对于我的生活，我找不到关于此的教程，AWS文档或StackOverflow！我甚至不确定如何开始。有没有人有一个他们愿意分享步骤的简单管道？

Answer 1

您需要将您的python脚本存储在S3存储桶
创建安装python和所有依赖项的Shell脚本，将您的python脚本从S3复制到本地存储并运行它。 Shell script example。
将此shell脚本存储在S3
使用ShellCommandActivity启动您的shell脚本。

您可以使用此模板作为示例： http://docs.aws.amazon.com/datapipeline/latest/DeveloperGuide/dp-template-redshiftrdsfull.html 它使用存储在s3上的python脚本将MySQL模式转换为RedShift模式。

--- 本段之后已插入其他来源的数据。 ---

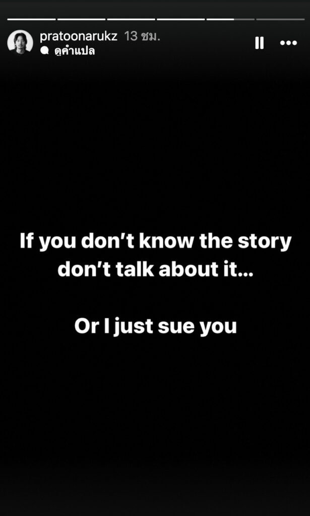 โดย หนุ่มทู โพสต์ข้อความไว้ว่า “If you don’t know the story don’t talk about it… Or I just sue you”
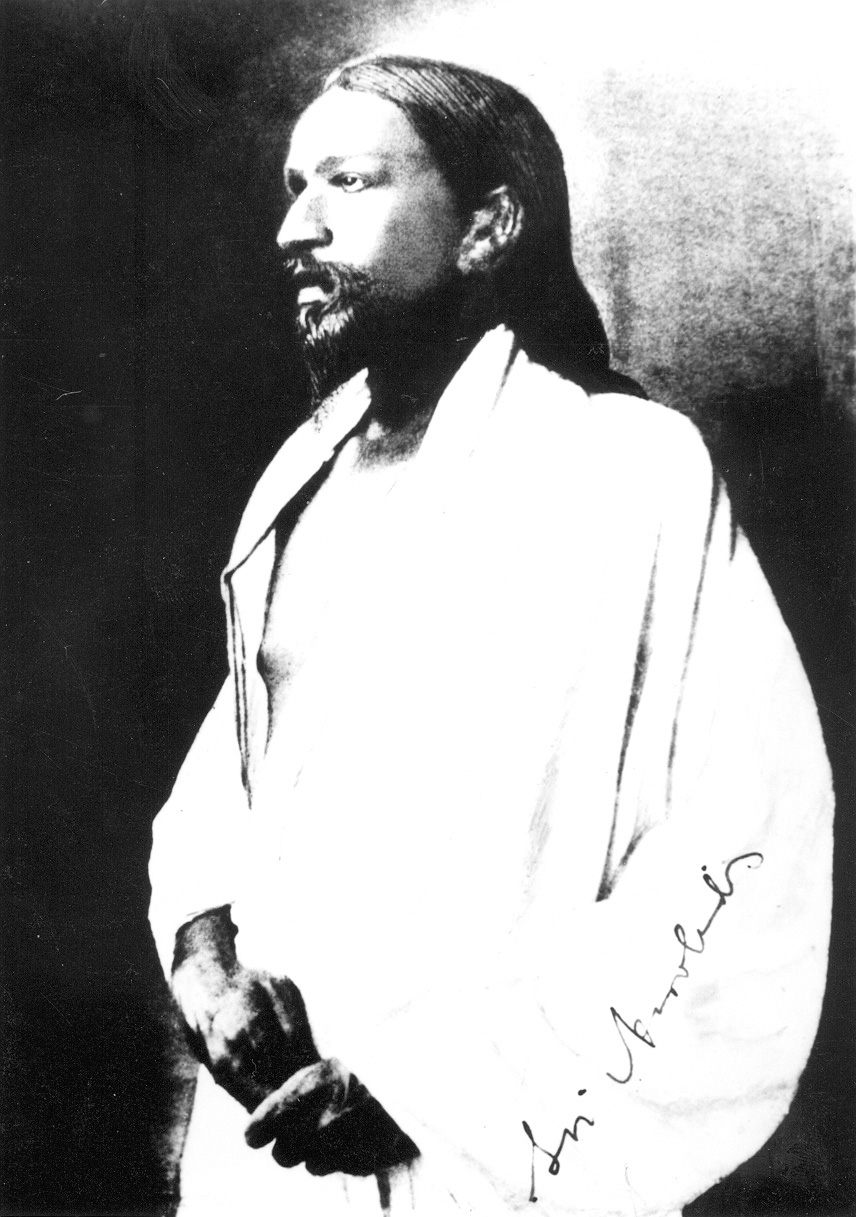 Aurobindo Akroids Gošs jeb Šrī Aurobindo (Aurobindo Akroyd Ghosh, Sri Aurobindo, 1872.-1950.) - filosofs, politiķis, t.s. "integrālās vedantas" jeb integrālās jogas pamatlicējs, viens no indiešu nacionālās atbrīvošanās kustības radikālā spārna līderiem. Attēls no www.garbhayoga.com

运行python程序的python shell脚本示例：

#!/bin/bash
curl -O https://s3.amazonaws.com/datapipeline-us-east-1/sample-scripts/mysql_to_redshift.py
python mysql_to_redshift.py

Answer 2

我遇到了类似的情况，这里我是怎么过来的我将描述我是如何用Ec2Resource做的。如果您正在寻找EMRCluster的解决方案，请参阅@franklinsijo answer。

的步骤
的 1 即可。将您的python脚本存储在s3中的 2 即可。创建一个shell脚本（hello.sh）（下面给出）并将其存储到s3
<强> 3 即可。创建Ec2Resource节点和ShellCommandActivity节点并提供这些信息。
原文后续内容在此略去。